The Alter Stolberg is a wooded karst plateau, up to , in the South Harz in Central Germany. It lies in the districts of Nordhausen in the state of Thuringia and Mansfeld-Südharz in the state of Saxony-Anhalt.

== Geographical location ==
The ridge of the Alter Stolberg is part of the South Harz Zechstein belt and lies mainly in Thuringia; with its eastern foothills dropping into the valley of the Krebsbach stream and Thyra river. To the north is the Harz; to the south the Goldene Aue through which the River Helme flows.

The Alter Stolberg lies between the following parishes in clockwise order: Görsbach and Urbach to the south, Leimbach and Steigerthal to the west, Buchholz and Herrmannsacker to northwest, Stempeda and − on the other sides of that − Rodishain to the north (all in Thuringia) and the Saxony-Anhalt villages of Rottleberode and Uftrungen to the east.

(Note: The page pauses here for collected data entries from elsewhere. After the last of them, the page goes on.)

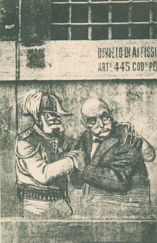 Descrizione: [Francesco Giuseppe 1. d'Austria passa del denaro a Giovanni Giolitti]. - Roma: Danesi, [1917]. - 1 cartolina illustrata: fotolitografia, b/n ; 90x140 mm.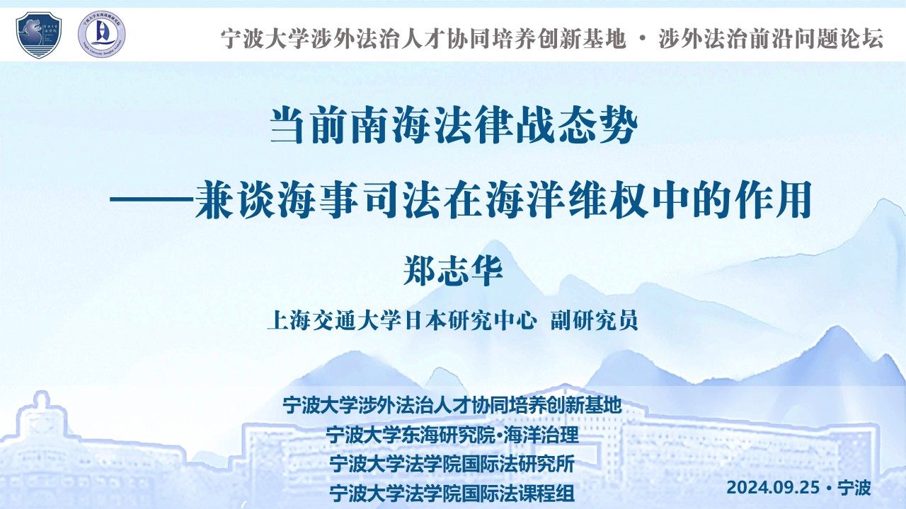 此次论坛的主题是《当前南海法律战态势——兼谈海事司法在海洋维权中的作用》,由上海交通大学郑志华副研究员主讲,由日本无码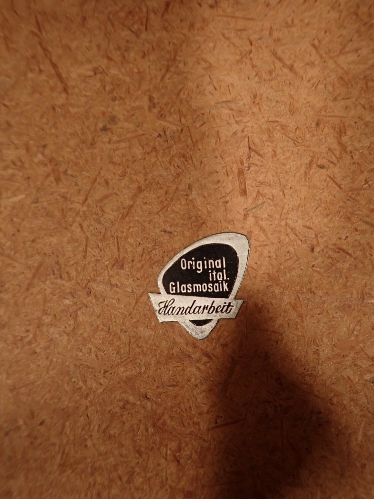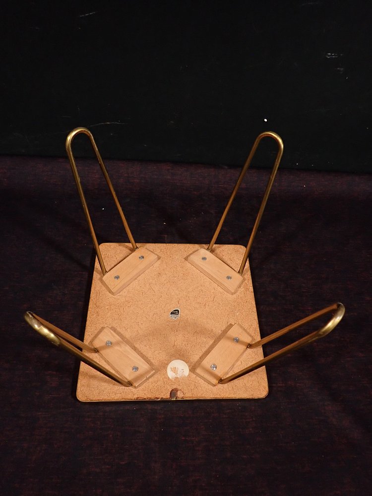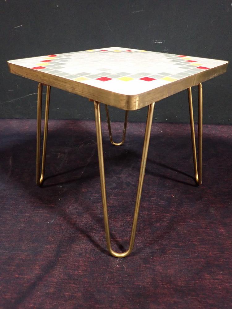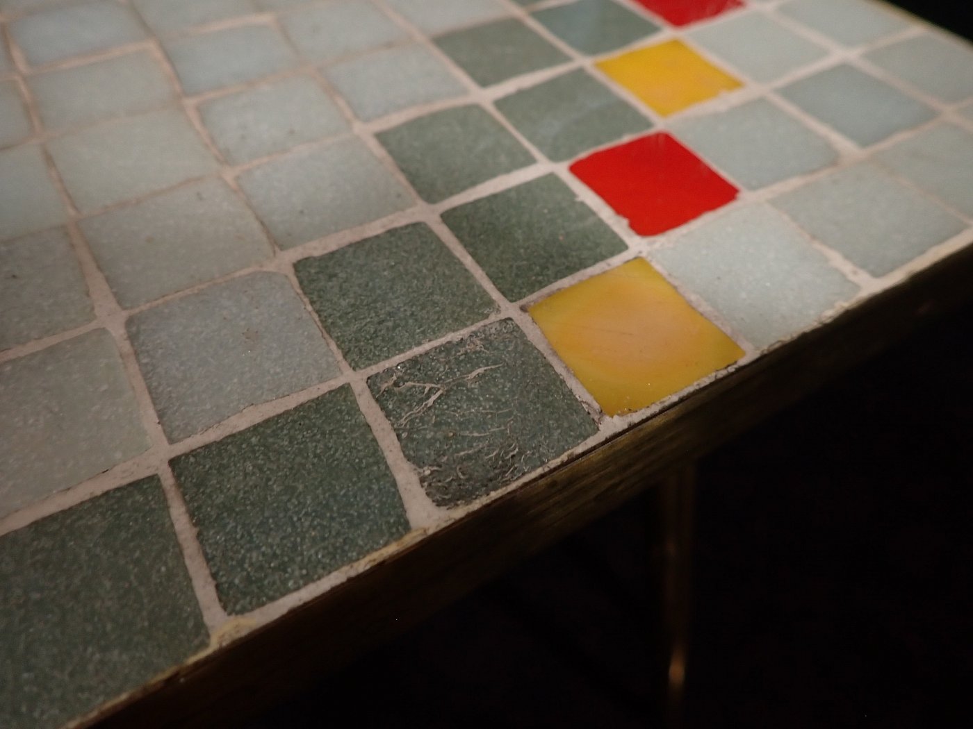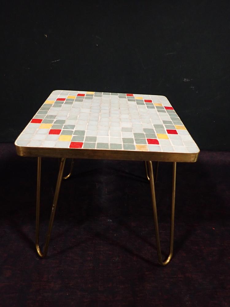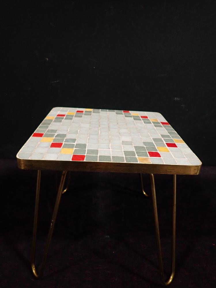 Diese Art Hocker wurde in den 60er-Jahren als Blumenbank genutzt. Die aufwendige geflieste Mosaik Oberfläche bildet einen schönen Kontrast zu der Messingumrandung und die geformten Messingfüße runden das Gesamtbild ab. Auf der Unterseite befindet sich ein Aufkleber mit der Aufschrift "Original italienisches Glasmosaik, Handarbeit".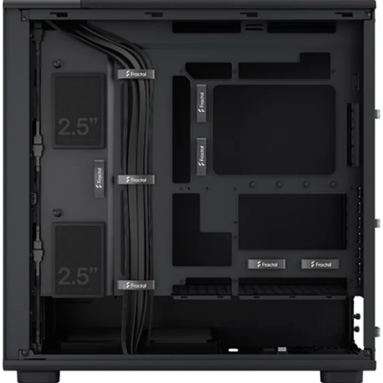 Interior pensado para un acabado limpio con pasacables con ojales de goma, bridas autoadherentes deslizantes y amplio espacio tras la placa, facilitando un montaje ordenado y mejorando también el flujo de aire.

The highest hill in the Alter Stolberg is the Königskopf which rises in the northern part of the ridge. Another prominent hill is the Reesberg in the southeastern part.

== Points of interest ==
The northern part of the heavily forested ridge is designated as the Alter Stolberg Nature Reserve and large parts of it as the Alter Stolberg Protected Landscape.

Near the Reesberg is the plaster cave, known as Heimkehle. In addition, the ridge is home to the ruins of the Grasburg, a medieval refuge castle, which legend has it was the family castle of the Counts of Stolberg.